Copy nothing but the lines below, from the one with "It should also" through the one with "Train station memorial", exactly as written; no pictures should appear.
*** SOURCE INFORMATION ***
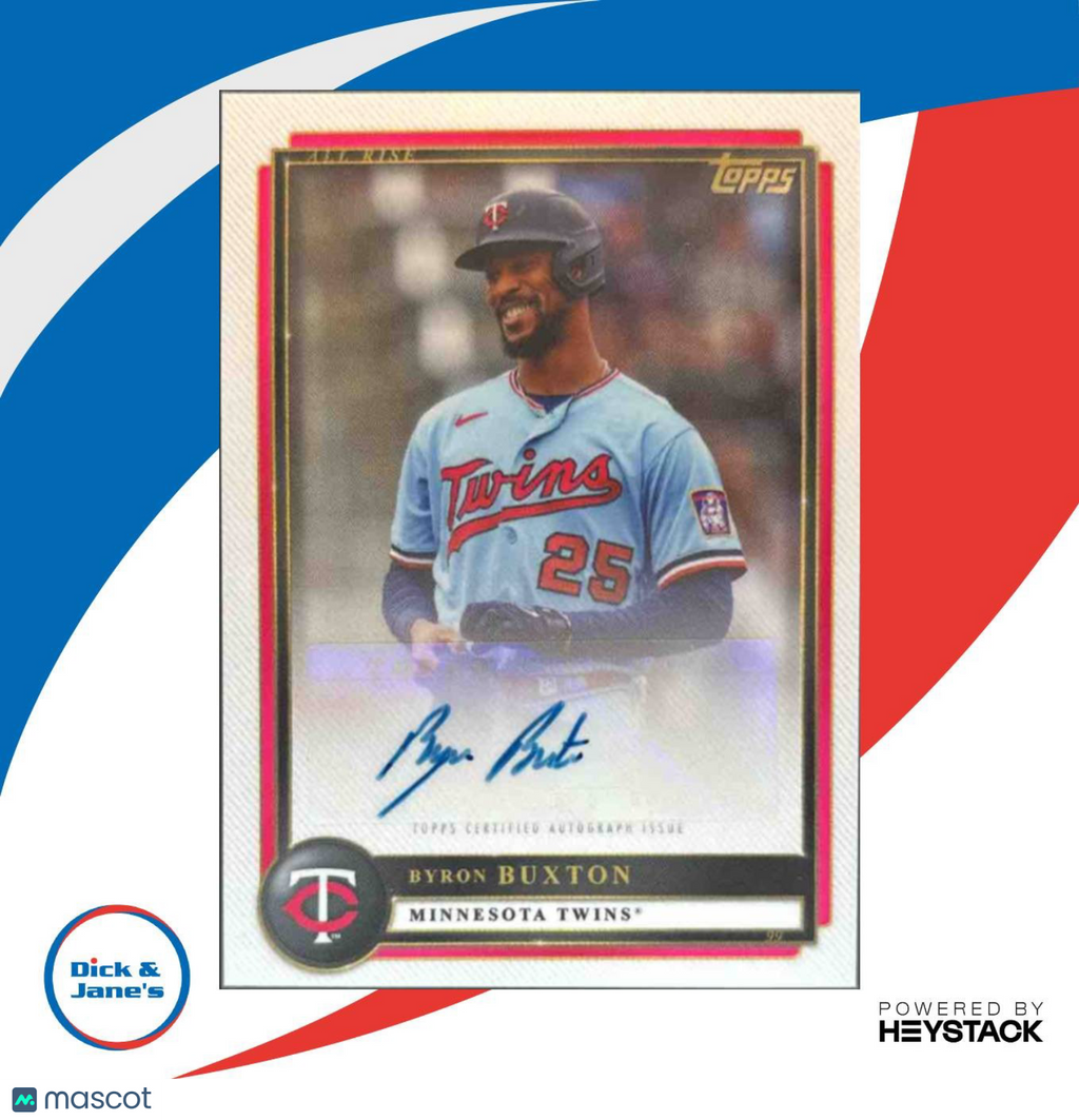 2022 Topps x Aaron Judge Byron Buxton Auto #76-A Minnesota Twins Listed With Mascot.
***
*** SOURCE INFORMATION ***
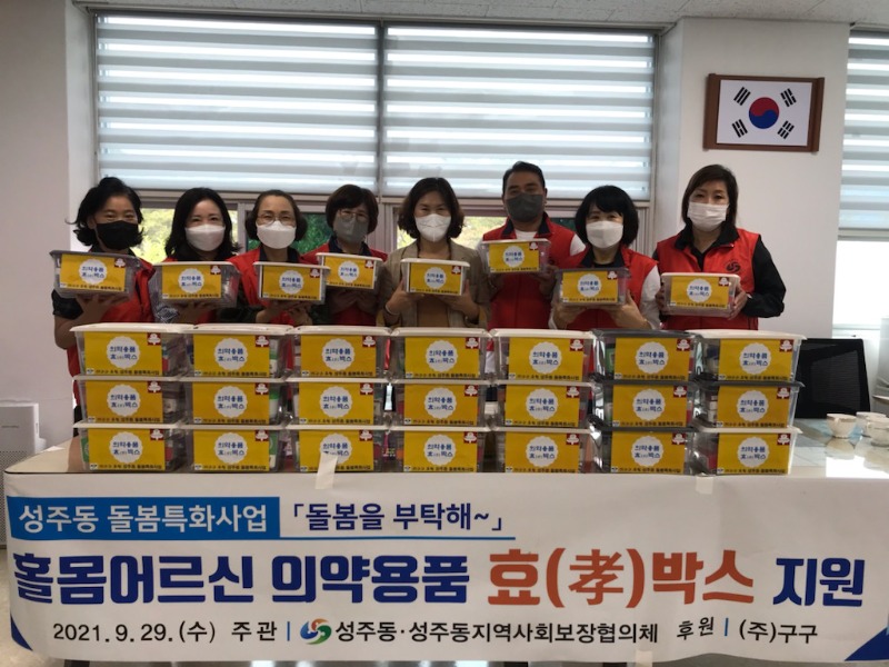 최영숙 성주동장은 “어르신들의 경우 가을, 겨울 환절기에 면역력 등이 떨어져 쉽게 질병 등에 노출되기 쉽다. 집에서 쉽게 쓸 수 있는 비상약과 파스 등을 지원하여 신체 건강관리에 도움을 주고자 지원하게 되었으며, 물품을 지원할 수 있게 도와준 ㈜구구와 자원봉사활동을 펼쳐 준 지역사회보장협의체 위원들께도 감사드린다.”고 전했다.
***
*** SOURCE INFORMATION ***
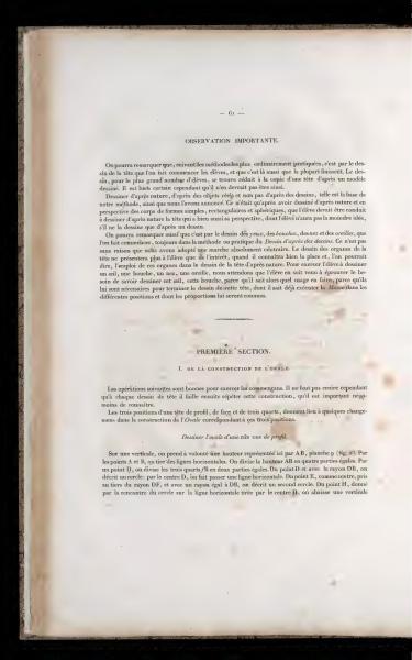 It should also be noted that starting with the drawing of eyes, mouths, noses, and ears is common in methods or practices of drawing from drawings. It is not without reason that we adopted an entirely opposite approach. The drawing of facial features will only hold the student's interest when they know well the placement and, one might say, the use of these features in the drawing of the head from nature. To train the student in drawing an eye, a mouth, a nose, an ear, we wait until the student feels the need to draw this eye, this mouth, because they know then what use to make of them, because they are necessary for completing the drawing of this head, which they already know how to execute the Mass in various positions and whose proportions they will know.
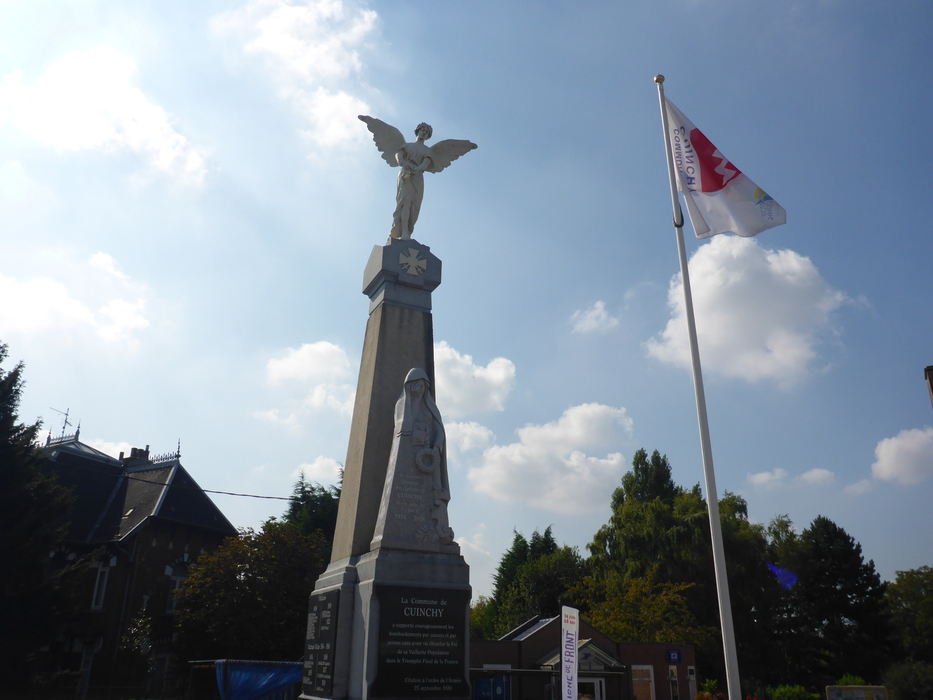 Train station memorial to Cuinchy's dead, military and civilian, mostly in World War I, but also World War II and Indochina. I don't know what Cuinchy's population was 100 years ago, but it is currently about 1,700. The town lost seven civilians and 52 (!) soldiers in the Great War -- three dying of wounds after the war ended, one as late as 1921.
***
#### [ANSWER SPACE]
 It should also be noted that starting with the drawing of eyes, mouths, noses, and ears is common in methods or practices of drawing from drawings. It is not without reason that we adopted an entirely opposite approach. The drawing of facial features will only hold the student's interest when they know well the placement and, one might say, the use of these features in the drawing of the head from nature. To train the student in drawing an eye, a mouth, a nose, an ear, we wait until the student feels the need to draw this eye, this mouth, because they know then what use to make of them, because they are necessary for completing the drawing of this head, which they already know how to execute the Mass in various positions and whose proportions they will know.
 Train station memorial to Cuinchy's dead, military and civilian, mostly in World War I, but also World War II and Indochina. I don't know what Cuinchy's population was 100 years ago, but it is currently about 1,700. The town lost seven civilians and 52 (!) soldiers in the Great War -- three dying of wounds after the war ended, one as late as 1921.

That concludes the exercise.